What Every Brand Marketer Needs to Know About Digital Personalization
Consumers and business buyers alike have come to expect personalized shopping experiences, so it's essential to up your relationship marketing across every channel.
Consumers and business buyers alike have come to expect personalized shopping experiences, so it's essential to up your relationship marketing across every channel.
It used to be that for multi-channel brand marketers and e-commerce directors simply gathering data and market research was a win for a brand and its sales teams. In the last few years, marketers and analysts alike have been trying to get their arms around big data, both from an online and offline perspective.
Consumers in B2C and business buyers in B2B expect more and more personalization of shopping experiences. So whether you market a small business or are a CMO of an enterprise level organization, you need to know some solid basics about Digital Personalization.
In B2B website marketing, success comes from low bounce rates and, primarily, qualified lead acquisition. In e-commerce, success comes from increasingly visible online sales, reduced shopping cart abandonment, improved cross-selling, upselling, reviews and product social shares. Online customers are fickle, with the average site visitor in most categories staying on sites for less than 3 seconds if you are lucky. More and more, site visitors expect an excellent, tailored user experience on the desktop, mobile phone and tablet.

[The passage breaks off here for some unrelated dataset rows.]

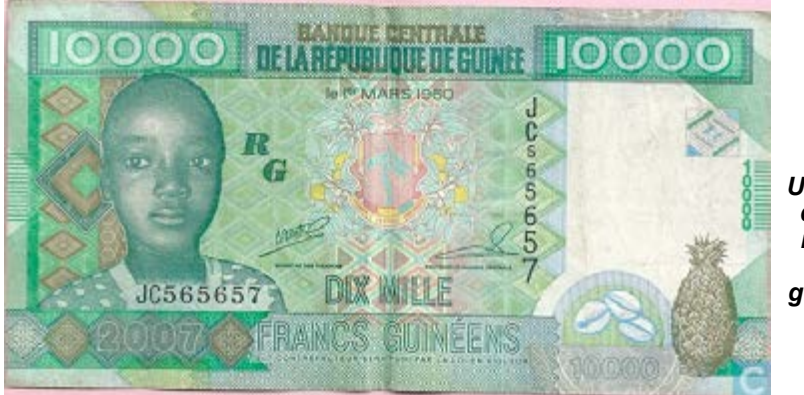
Un billet de dix mille franc guinéen

Après les nouvelles coupures de 20 000 et de 5000 francs guinéens, la Banque Centrale de la République de Guinée (BCRG) a annoncé mercredi 30 septembre, l'émission dès le 5 octobre prochain, d'un nouveau billet de 1000 GNF.
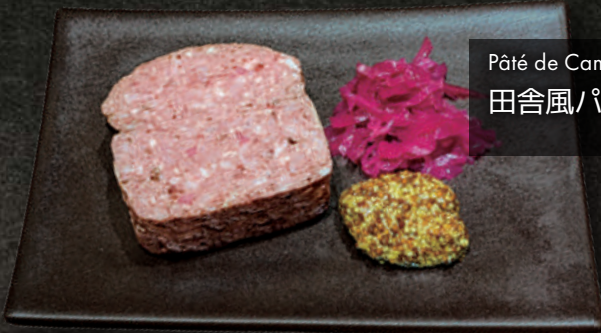
Pâté de Campagne 田舎風パテ 980 (税込1,078)
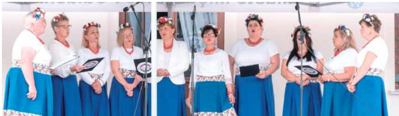
Na scenie nie mogło zabraknąć Łuniewianek, które zaprezentowały pieśni bojarskie
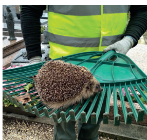
Du sur-mesure à Saint-Cloud page 2

L'équipe de production maraîchère d'Espaces va à la rencontre des habitant-es d'Aubervilliers
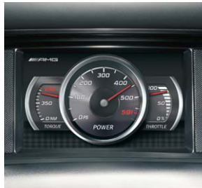
AMG Performance Media
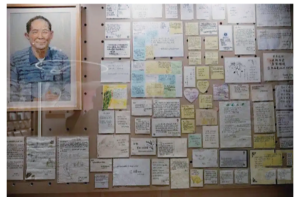
袁隆平离世后，西南大学师生纷纷在雕像前送“信”寄哀思。

此外，最具科普特色的是自然馆，其面积2200平方米，整合西南大学植物保护学院、园艺园林学院、生命科学学院、蚕桑纺织与生物质科学学院以及柑桔研究所等多单
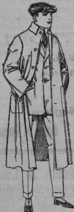
Guardapolvos de dril, igual al modelo de ptas. 10 a 20

Madrid, Barcelona, Alicante, Almería, Bilbao, Cádiz, Cartagena, Gijón, Granada, Málaga, Santander, Sevilla, Valencia, Valladolid, Zaragoza
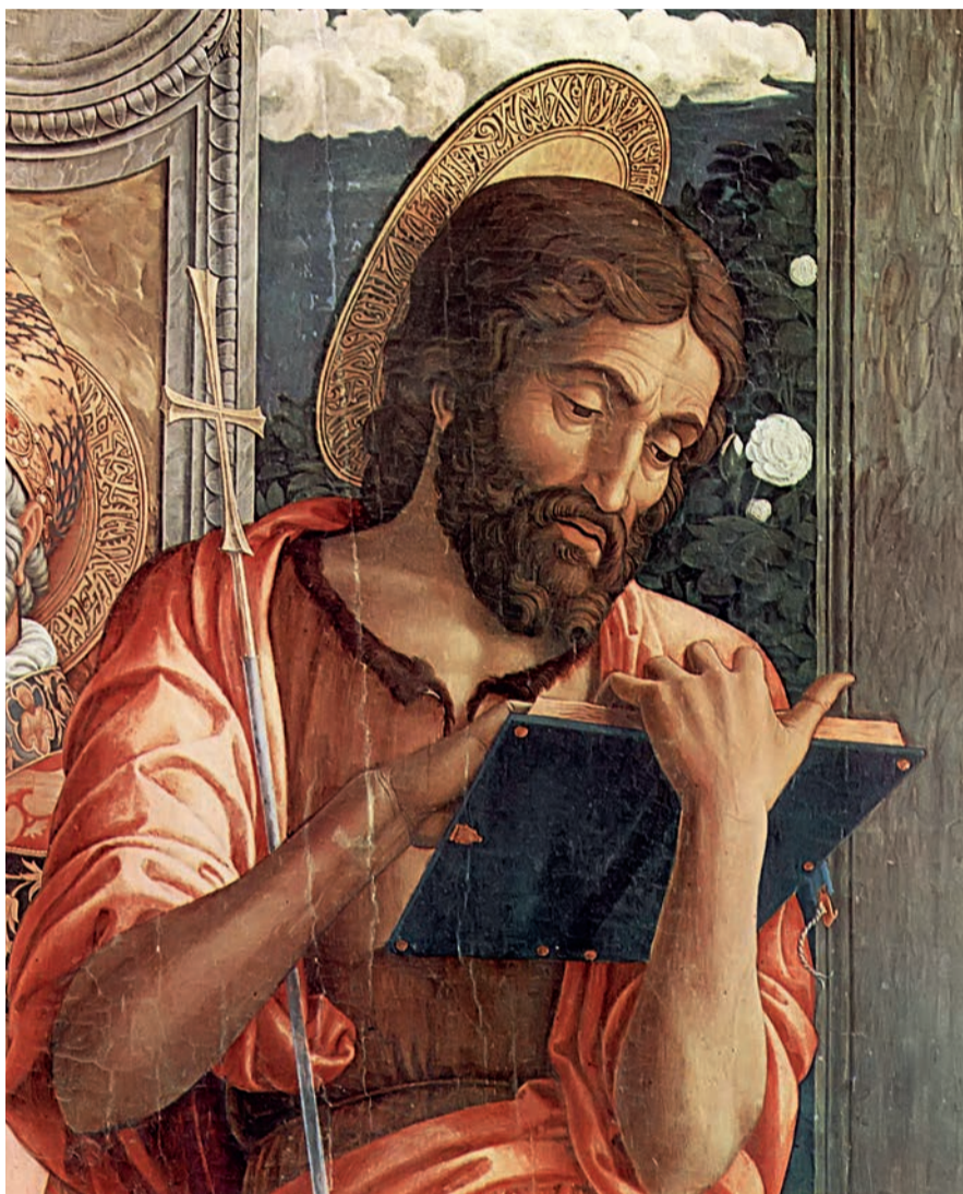
Андреа Мантенья, 1459 р., «Іван Хреститель»

Можемо із певністю сказати, що із земських осіб Нового заповіту після Ісуса Христа було дві інші знаменні особи – Діва Марія та Іван Хреститель. Це також показано в нашій іконографії. Зауважмо, що у церковному календарі, крім Різдва Господнього, відзначають лише два інші дні народження – Богородиці та Івана Предтечі. Та якщо уважно подивимося в церковний календар, то побачимо, що Іван Хреститель – єдиний серед усіх святих, кому Церква присвятила аж шість празників на рік. А дехто ще згадує за літургичним приписом кожного вівторка. Найурочистішим серед усіх свят на його честь є Різдво. Чому так? Якщо люди визнають святом одного із людей, то цим самим ставлять
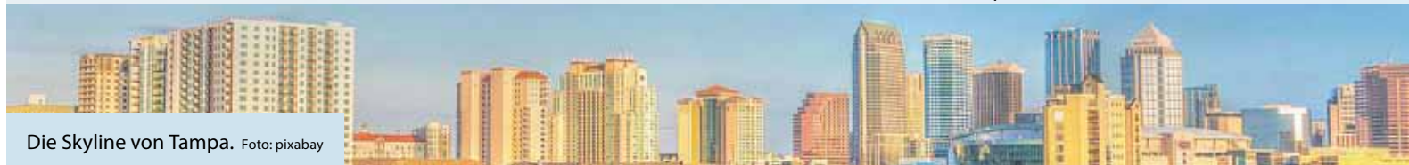
Die Skyline von Tampa.

Sonne, wohin das Auge reicht, Sandstrände und riesige Freizeitparks. Mit über 300 Sonnentagen im Jahr ist Florida eines der Top-Reiseziele für diejenigen, die es auch dann warm mögen, wenn in Deutschland bereits die kalte Jahreszeit Einzug erhalten hat. Selbst während der Wintermonate pendelt sich die Temperatur in Florida meist um die 20 Grad ein. Hawaii ausgenommen, ist Florida mit seinen rund 22 Millionen Einwohnern der südlichste Bundesstaat der USA und besteht aus einer Halbinsel und einem Festlandteil. Umgeben ist Florida vom Atlantischen Ozean an der Ostküste und vom Golf von Mexiko an der West- und Südküste.
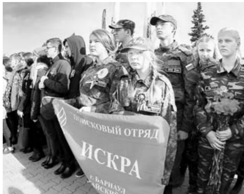
В крае немало поисковых отрядов.
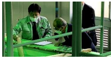
(上)完成した「生産棟A」(下)マコガレイ種苗と視察する広瀬知事

3年度に着工した生産棟Aが完成し、本年1月から育成が始まった。閉鎖循環式システムや緑色LED等の最新の技術が取り入れられ、高低差が付けられた水槽間ではサイホンで種苗が移送できるなど省力化も図られた。生産能力も2割アップするとともに、漁業者の要望が強いキジハタ(アコウ)の種苗生産にも取り組むとしている。
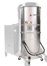
GX Coș și cameră din oțel inoxidabil AISI 304
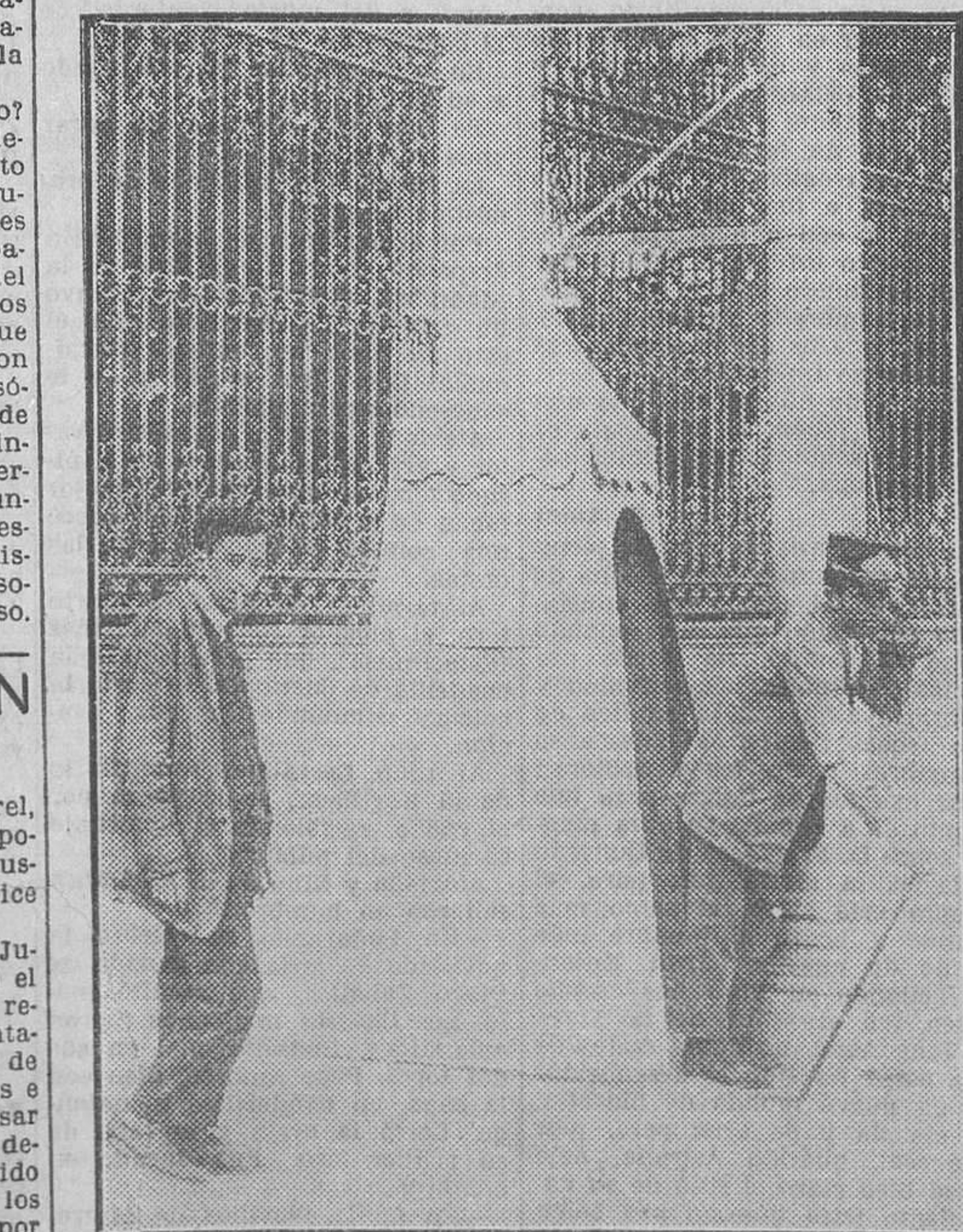
La primera garita de lona instalada en Madrid (en la plaza de Castelar) para preservar a los guardaaguas de los tranvías de las inclemencias del tiempo

Aunque contra éstos continuaban descargando las nubes frecuentes y copiosas chaparrones, el entrante número de máquinas.
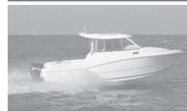
Merry Fisher 725
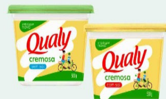
MARGARINA QUALY 500g COM E SEM SAL POTE
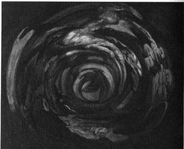
Illustration : Domenico Piola, Anamorphose d'après L'Érection de la Croix de Rubens , Musée des Beaux-Arts de Rouen.

Locke analyse l'effet de cette peinture dans une argumentation complexe, qui vise à la distinguer d'un simple désordre formel, produit par un mélange de couleurs et de formes sur la surface de l'image. Le tableau d'un ciel de nuages, remarque le philosophe, serait en réalité porteur d'un plus grand mélange et brouillage, de taches bleues, blanches ou sombres, et ne serait pas pour autant dit confus. Ce n'est donc pas le mélange formel à la surface de la peinture qui produit la confusion. La même raison vaut pour « un tableau fait à l'imitation de » cette étrange peinture confuse de César. Imitation, ici, est à prendre au sens de l'esthétique classique, celui de la mimésis picturale. Locke n'évoque pas une simple copie de la peinture, mais une représentation de cette dernière, un tableau du tableau. Quand le tableau d'origine est confus, un tableau qui en ferait son objet, et se le donnerait comme le contenu de sa représentation, ne le serait plus. Ainsi, le tableau de Domenico Piola ci-dessus est confus, mais la photographie qui nous le représente est distincte en tant que représentation d'un tableau, alors qu'elle est formellement, en sa surface même, faite des mêmes compositions de couleurs dans le même ordre et le même assemblage. La confusion dans l'image n'est
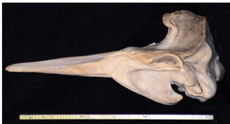
写真 2-2-6 オウギハクジラの頭骨標本(側面観)
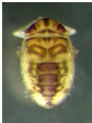
Micronecta – klešťanečka, Notonecta – znakoplavka 0,3 cm, drobná, rychlý pohyb plave naznak, do 1,7 cm
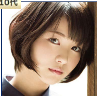
浜辺 美波 (女優)
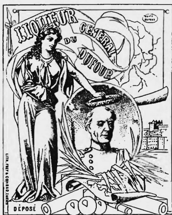
Le «Couronnement» du Général Dufour — Die «Krönung» des Generals Dufour (16. 8. 1883)

L'historien y trouvera maints aspects de la petite comme de la grande histoire. C'est ainsi que les colonnes de la Feuille officielle suisse du commerce ont elles aussi fixé pour la postérité le portrait des trois premiers généraux de notre histoire, portraits destinés à figurer sur d'innombrables bouteilles de liqueur, paquets de cigares ou autres produits.
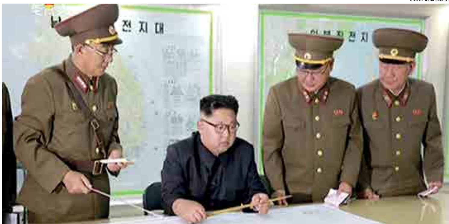
O líder da Coreia do Norte, Kim Jong-un, considera uma provocação a realização de manobras das forças aéreas americanas e sul-coreanas na península

formaram ontem que continuem os preparativos para a aguardada cúpula, no mês que vem, entre o presidente Donald Trump e o líder norte-coreano Kim Jong Un, após Pyongyang lançar dúvidas sobre o evento.

To engage with customers, as a rule of thumb, you need to know them first. Building detailed User Profiles per customer, as we know in U/X, is a step one in functional planning for any website. Customers will stay longer when you cater to them individually based on their makeup, interests and behaviors.
As Lucinda Duncalfe, CEO of Monetate, the global leader in personalization whose platform powers multi-channel personalization for enterprise level companies, stated in an interview with me earlier this week: “No two customers or buyers are exactly the same. Their situations, their makeup and even their location in real time matters to their shopping experience.”
Customers and B2B prospects aren’t just online. In social selling today, we understand the importance of developing relationships one on one, both online and in an integrated approach. As Lucinda so eloquently stated “Selling is personalized marketing.”
We know that customers are searching online while in store. We also know that influence marketing is a core component of how shopping is trending in the future. To engage today’s sophisticated shopper and content generator of reviews, we need to personalize their shopping and buying experience from end to end.
Personalized Marketing can be as extensive as what a company like Monetate does for Office Depot and improving their ROI by 15x in one month as a result of serving specific customers content and offers online based on their specific makeup, location, shopping interests and behaviors, or it can be as simple as segmenting your LinkedIn 1st network as a B2B marketer, reviewing a prospect profile and reaching out to them with an Inmail or campaign that aligns directly with their buying interests.
In my many LinkedIn Marketing posts on ClickZ, I have discussed the importance of quality over quantity and creating one on one relationships that support online to offline conversions. Now, in what Lucinda calls “Level 5 of personalized marketing”, that kind of B2B solution selling can be applied to B2C brands through understanding customers in real time by analysis of key website data.
If you as a marketer, brand representative or agency are not thinking about digital personalization, you should. Personalized Marketing has become even more important as consumers take control of their own buying experiences. Begin to assess who you are serving and what is important to them. Any size brand can gain data insight, even from the smallest sample of customers.
Once you begin to personalize your client shopping experience, you will start to see real gains, not only in sales, but in brand loyalty because your customers will feel that you get them and aren’t broadcasting or selling, but simply serving their needs.